Question: A dependent spouse needs significantly more spousal support for a year or two prior to being able to return to work full time, and little or no maintenance thereafter. Will the decrease from year one to year three trigger a disallowance of the deductibility by the payor under the recapture rule?

Answer: It depends. IRC § 71 and IRS Publication 501 explain what payments are subject to the recapture rules and how to calculate that amount. It is important to take that guidance into account prior to setting spousal support payments that could trigger the recapture rules. The IRS’s focus in these cases is pursuing taxpayers who are attempting to disguise property settlements as spousal support. The recapture rules reclassify those spousal support payments as property settlements, thereby disallowing their deductibility.

Two of the most common scenarios that trigger the recapture rules are when, in the third post-separation year, the spousal support paid in that year decreases by more than $15,000 from the second post-separation year. The recapture rules state that any excess payment of more than $15,000 is recaptured and the payor cannot deduct that excess.

The other scenario that triggers the recapture rules is when, in the third post-separation year, the payments made in the first post-separation year exceed the average of the payments in the second and third post-separation years by more than $15,000. Again, the excess over $15,000 is recaptured and the payor’s deductibility of that excess is disallowed.

If both of these computations result in recapture, the amount recaptured under the first computation is subtracted from the second year payments for purposes of making the second computation.

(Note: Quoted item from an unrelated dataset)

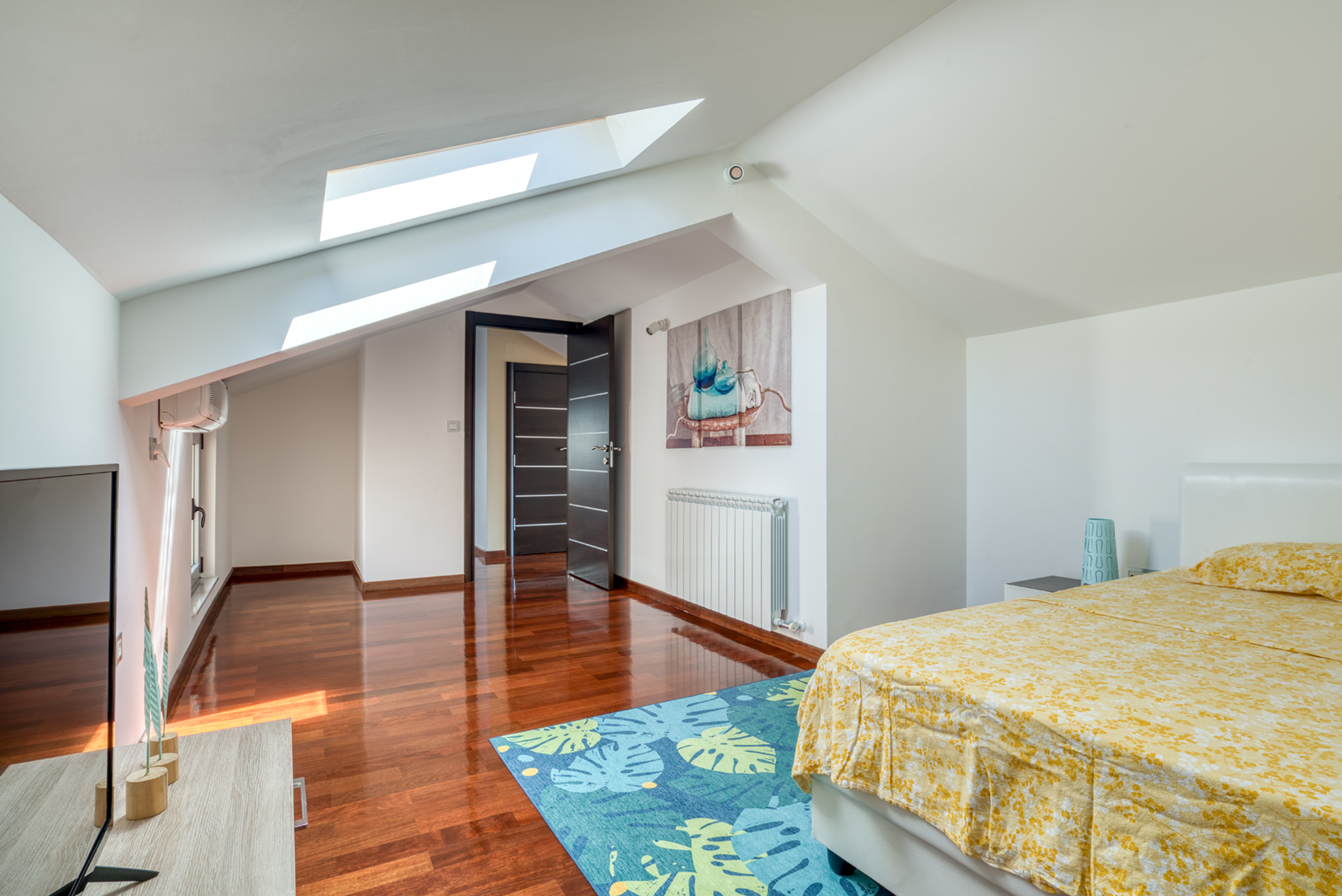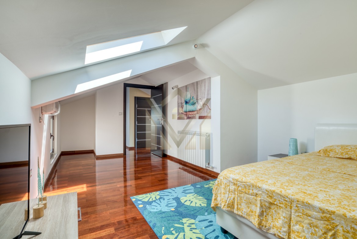 Üst katta, her biri kendi banyosuna sahip iki yatak odası, ek bir banyo, bir galeri, geniş bir gardırop ve ikinci bir teras bulunmaktadır; bu da özel ve sakin bir dinlenme alanı yaratmaktadır.

When structuring spousal support payments that could be construed as property settlement payments, and therefore might trigger the recapture rules, fully develop the facts of the case to reduce the chances that the IRS successfully excludes the payments from recapture.

One of the more common reasons for fluctuating payments is in the situation relating to an income producing property or business revenue stream. In this situation, developing a case history to confirm the justification for the fluctuating payments is very important. Explain why the income or revenue stream was so erratic. Perhaps there were capital improvements that had to be made. Or perhaps revenues were just not as high as normal.

Regardless of the reason, developing the case history contemporaneously makes it easier to defend the fluctuations at a later date. Unfortunately, without developing that case history, taxpayers might find it difficult to explain to the IRS why those payments are not disguised property settlements subject to the recapture rules.